Хелпикс

Главная

Контакты

Случайная статья





Только покой,. безбрежный. и бесконечный



Только покой,

безбрежный

и бесконечный

 

На остров мы с мамой, Дашей и Ромой прилетели поздно вечером и прямо из аэропорта направились во владения Большого Тао. В первом домике у озера нас ждали Леня с младшими детьми. Соседний домик был приготовлен для остальных членов моей семьи. В доме самого хозяина света не было. Я не стала туда ломиться – пусть Большой Тао спит.

Мама с Дашей и Рома буквально валились с ног, но это не помешало им собрать последние силы и пойти знакомиться с Маленьким Тао и с Леней. То, что у меня есть еще черненькая Линя, я скрывала до последнего момента. До самого приезда на Кануй мама не знала и о том, что со мной произошло за последнее время. Честно говоря, я даже не представляла себе, как смогу обо всем этом им с Дашей рассказать. Я не спала всю ночь. И это, наверное, была моя самая счастливая ночь за все последние годы. Мы были вчетвером в комнате: я, мой любимый человек и Тао с Линей, которые спокойно спали в своих маленьких кроватках. А рядом, в соседнем домике, – мама и Даша. Ну и Рома, бедный слабоумный Рома, разумеется! И главное, ни мне, ни моим близким больше ничего не угрожало! Нет… Я не права, конечно! Маме угрожало! Все говорило за то, что рак поджелудочной железы – это не диагноз, а приговор!

Утром, когда все еще спали, мы с мамой поехали к доктору Харикумару. Лене я рассказала, в чем дело, еще ночью, когда мама ушла спать. Перед тем как я вышла из домика, он обнял меня, пожелал удачи и внезапно сказал:

– Когда закончите и вернетесь, сразу иди к Большому Тао. Он очень ждет тебя.

– Что‑ то случилось?

– Нет… Он сам сказал, ничего особенного…

– Может, прямо сейчас зайти к нему? – заволновалась я.

– Нет… Пожалуй, сейчас не надо. Но потом зайди сразу.

Мы молниеносно домчались до клиники доктора Харикумара, и прямо с порога, едва поздоровавшись, я вывалила ему на стол мамины анализы и снимки.
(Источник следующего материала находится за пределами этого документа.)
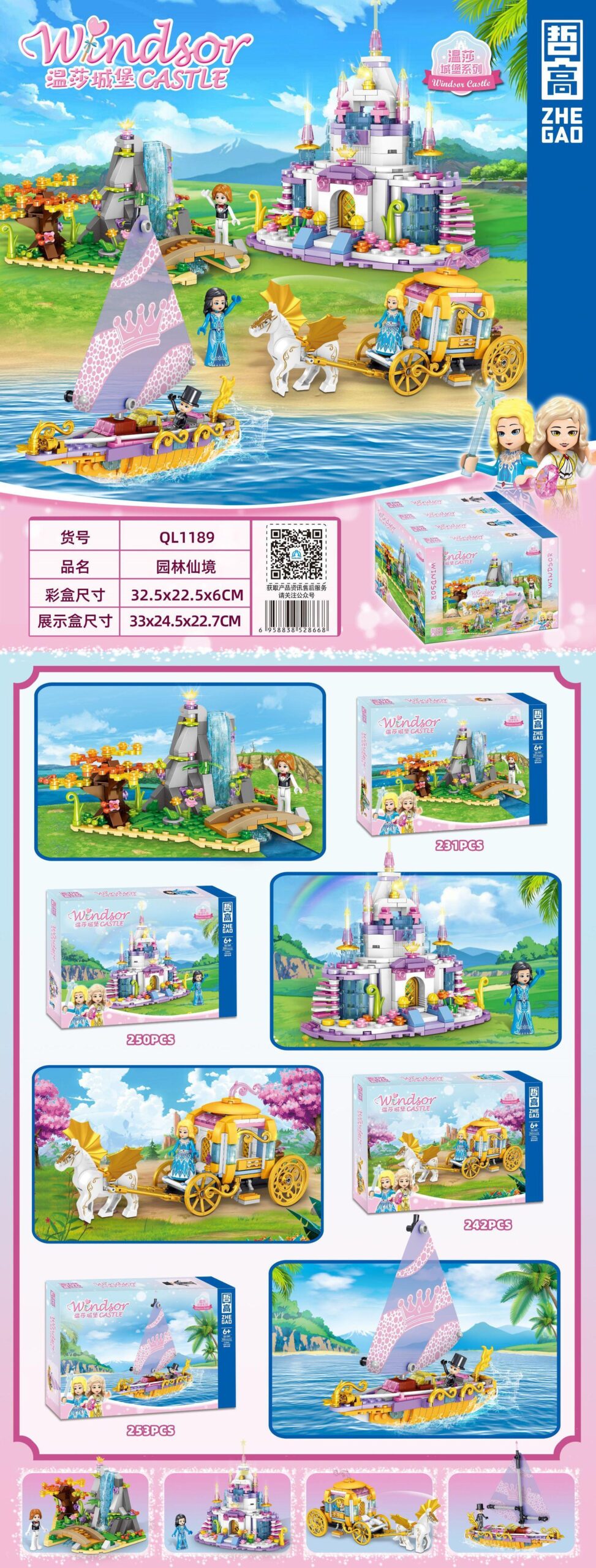 ZHEGAO QL1189: Bộ lắp ghép Lâu đài Windsor: Vườn Thần Tiên 4 Kiểu (976 mảnh) – Giấc Mơ Công Chúa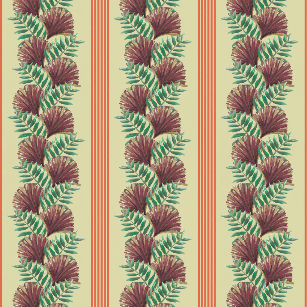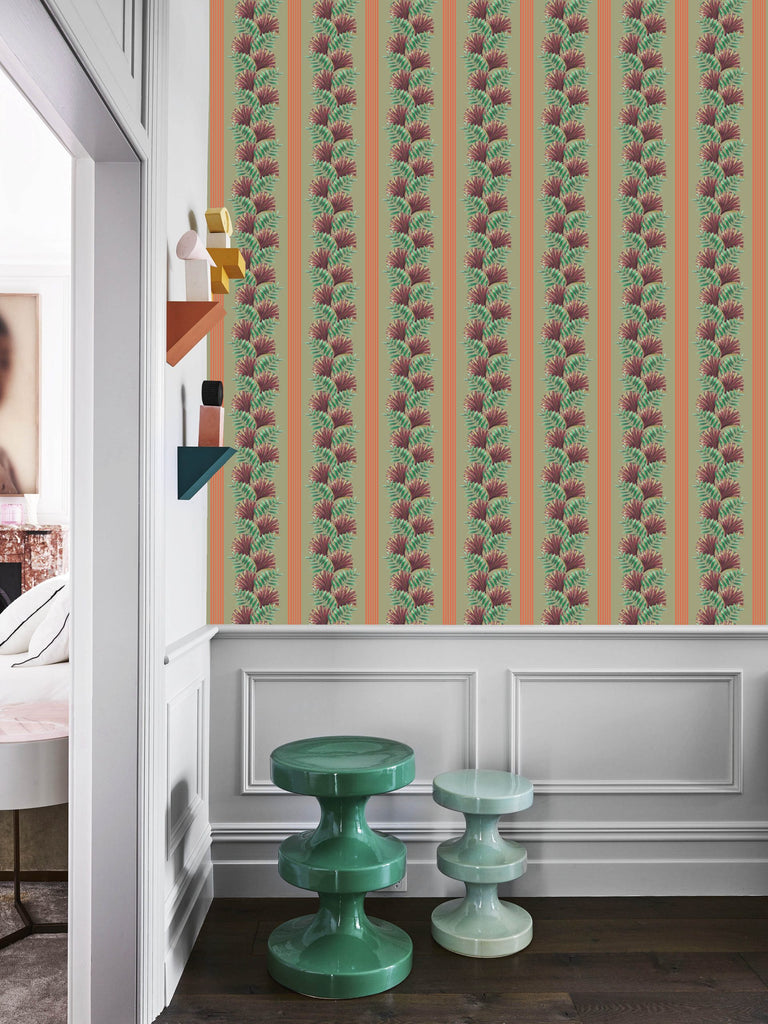 Paris Fan Green Wallpaper | Catchii Netherlands Europe The hand-painted wallpaper design features an elegant array of delicate leaves and fan-shaped flowers, creating a harmoniously balanced pattern. The colours of pine green and coral red create a contemporary palette that offers a fresh take on classic Parisian style.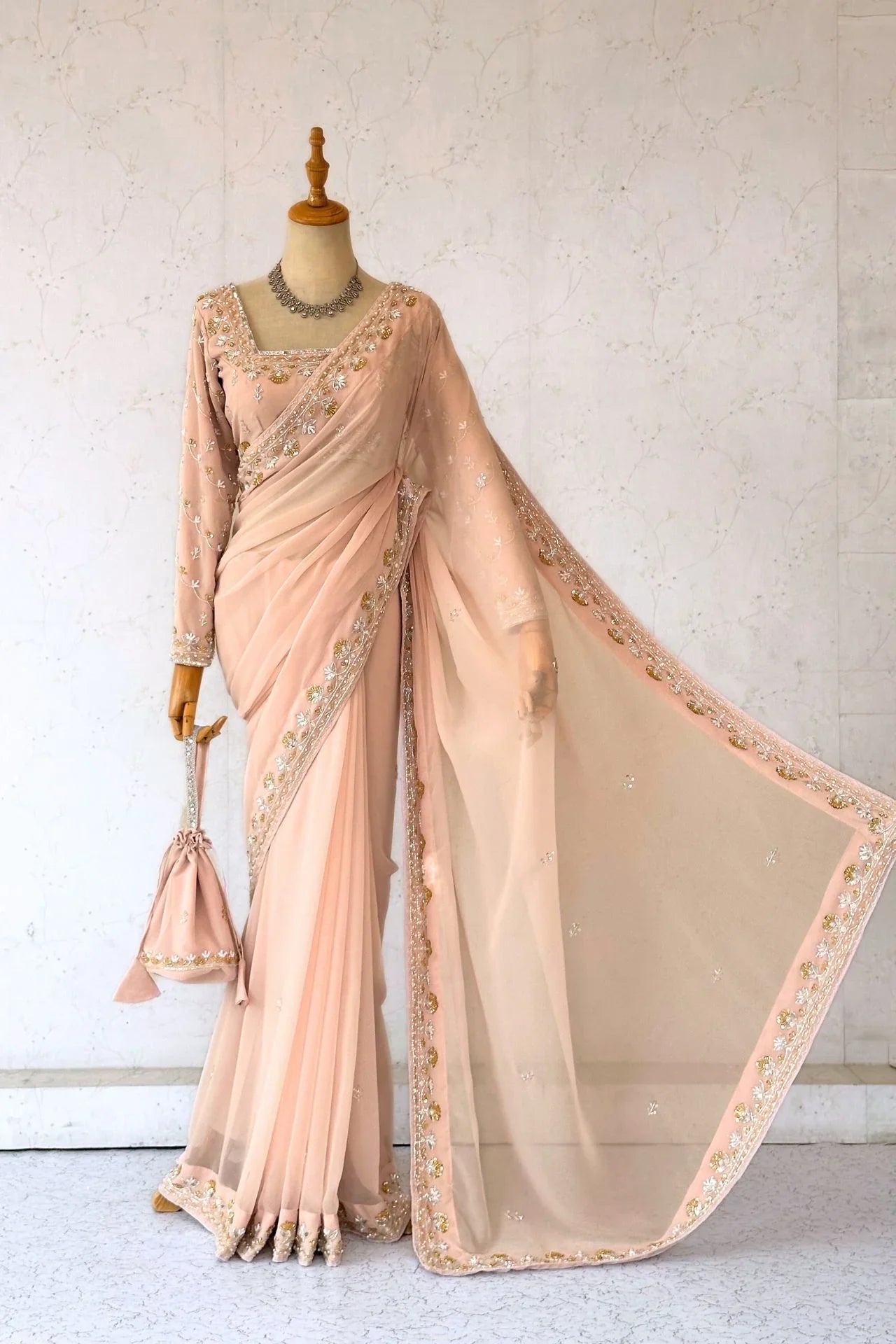 - Stones and cut dana embroidery work on Georgette saree with floral buttis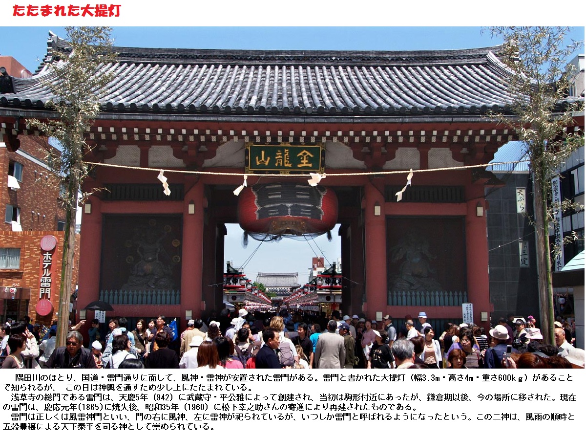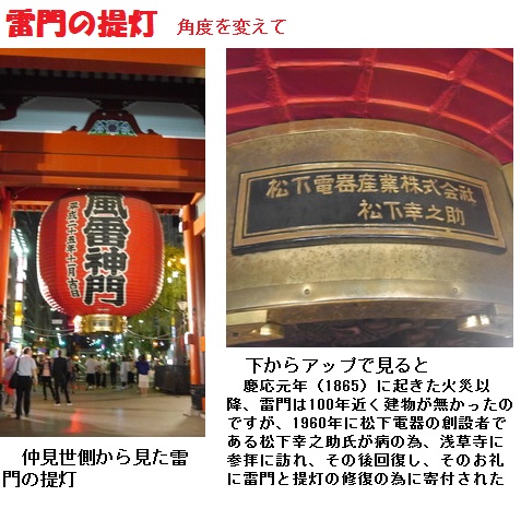 雷門にかかる大提灯は浅草のシンボルとなっています。本体は丹波産の竹の骨組みに福井県産のコウゾ100%の和紙約300枚を貼り合せたもので上下の張り輪には金属製の化粧輪が取り付けられているそうです。1971年から京都市下京区の高橋提燈が制作しており約10年ごとに新調されているそうです。なお、2008年に松下電器はパナソニックに社名変更しましたが、大提灯の銘板は松下電器のままだそうです。2003年に江戸開府400年を記念して改めて新調された際、提灯は従来の物より一回り大きくなり、直径3.3m、高さ3.9m、重さ700kgとなりました(従来の物は670kgでした)。2013年に新調された大提灯で5基目となります。三社祭の際には、神輿が下を通るため提灯が持ち上げられて畳まれます。また、台風接近時や強風時にも破損を防ぐために畳まれます。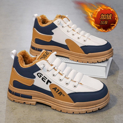 春秋季高帮男鞋新款加绒保暖棉鞋休闲工装鞋男款潮鞋马丁靴

То, что было написано по‑ русски, я, как могла, ему переводила.

– Я не специалист в этой области! – сказал индус. – Но… ваша мама понимает по‑ английски?

– Практически нет…

– Насколько я понимаю, – он как мог оптимистично посмотрел маме в глаза, – все очень плохо!

– Неужели? – Я тоже заставила себя улыбнуться, словно услышала от врача нечто очень обнадеживающее.

– Нужно отправить вашу маму в клинику в Бангкок, там у меня неплохие знакомства. Пусть все перепроверят. Послушаем их рекомендации… Больше я ничего не могу предложить… Увы…

– Когда мама сможет туда поехать?

– Если вы подождете полчаса, не больше, я позвоню и договорюсь.

Через пятнадцать минут мы уже знали, что послезавтра маму ждут в Бангкоке, в небольшой частной клинике, которая сотрудничает с лучшими онкологами и лабораториями. Там за несколько дней смогут провести все исследования и определить, насколько точен российский диагноз и что имеет смысл делать дальше… И имеет ли… Я решила, что попрошу Леню съездить с мамой, чтобы помочь с переводом и вообще, чтобы она не была одна. Я ехать не могла – мне нужно было обустраивать семью, детей, срочно начинать переоформление Леонардовых бунгало и решать вопрос об их перестройке.

Я поблагодарила доктора, и мы уже собирались выйти к машине, но на пороге своего кабинета доктор Харикумар остановил меня.

– Вы уже были у господина Тао?

– Я сейчас еду к нему!

– Не задерживайтесь! Я тоже скоро приеду. Он велел мне приехать через два часа после вас.

– Может быть, хоть вы объясните мне, что случилось?

– Большой Тао умирает… Он сказал, что ждет только вас.

– Как?! От чего он умирает?

Доктор Харикумар пожал плечами.

– Я не знаю. Он не дает ни мне, ни другим врачам прикасаться к себе. Три дня назад он слег в постель, вызвал своего адвоката и нотариуса. Сообщил, что жизнь его подошла к концу, что после них с женой здесь остаются Маленький Тао и Маленькая Линя, а ему пора уходить к предкам. – Доктор Харикумар помолчал чуть‑ чуть и, зачем‑ то оглядевшись, добавил шепотом: – Извините, но, по‑ моему, господин Тао немного сошел с ума. Он ведь ничем не болел, насколько мне известно!

Я впервые оказалась в комнате Большого Тао, являвшейся одновременно спальней и кабинетом. Большое светлое помещение было обставлено лишь скромной мебелью из неокрашенного ротанга. Все было сделано из легкого плетеного дерева: стулья, кресло, кровать и даже письменный стол. Старик лежал, он казался очень бледным и действительно обрадовался, увидев меня. Несмотря на очевидную слабость, Большой Тао улыбнулся и с напускной строгостью приказал:

– Не смей плакать! Я ухожу к тем, кто меня любил и кого любил я! Я знаю, что меня… там… ждет суд… Я, конечно, боюсь немного, но надеюсь на снисхождение. Как ты думаешь, я заслужил снисхождения к моим грехам?

Я закивала. Говорить я не могла – меня душили слезы.

– Что с вами, господин Тао? Харикумар сказал, что вы не даете врачам до себя дотронуться. Почему?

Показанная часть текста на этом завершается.